Brad McCormick wrote:
> I worked on a big educational website (just a
> lot of HTML an Javascript -- pretty "simple"
> stuff, as computer programming goes!), where,
> every time Netscape came out with a new
> "maintenance release" of their web browser, it
> was time for me to find out how it would
> cause my application to break "this time", so
> that I'd expect to spend from a few hours to
> a few days getting back to where I had been
> before.

Well, that's how the guild of programmers makes sure they'll _never_
run out of work.  Micro$oft is the master of this particular "art" of
"creating" work (and income!).  I know of a big corporation that
first migrated all their applications from DOS to Unix, and a few
years later "back" from Unix to Windows.  Some "smart" programmers
got really rich of this back-and-forth (or rather, forth-and-back!),
without "creating" anything -- just migrating the same applications.
Another big company is now desperately looking for some "genius" to
"sidegrade" their 600 PCs from Windows 95 to Windows NT (talk about
"industry standard"!) -- to later "backgrade" to Windows 00, probably.
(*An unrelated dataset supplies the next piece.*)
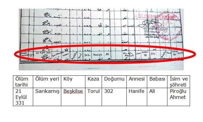 Nüfus ve Vatandaşlık İşleri Genel Müdürlüğü arşivlerindeki “ÖLÜM VUKUAT” Belgelerinde Piroğlu Ahmet’in ölüm kaydı şu şekilde işlenmiştir.”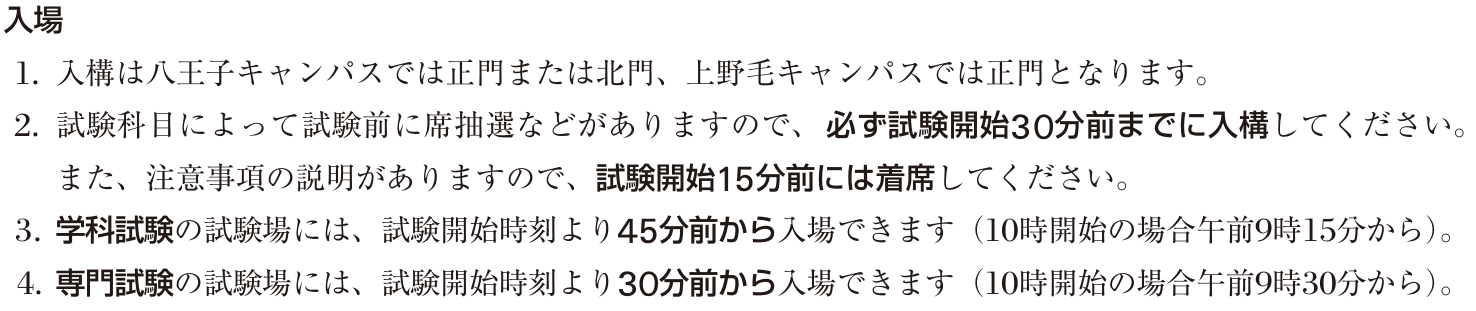 「9時30分試験開始の場合は8時頃から入構できるけど、抽選で席を決める試験は教室に入れるのは9時頃(「目途」だからそれより前後する可能性あり)」と書かれてます。

If other industries would finally "learn" this art, it could be the
end of unemployment. ;-)
(Who will *pay* this idling nonsense is a different question, of course.)

Cynically yours,
Chris



___________________________________________________________________________
CORPORATION, n. --  A miniature totalitarian state governed by an unelected
hierarchy of officials who take a dim view of individualism, free speech,
equality and eggheads. The backbone of all Western democracies.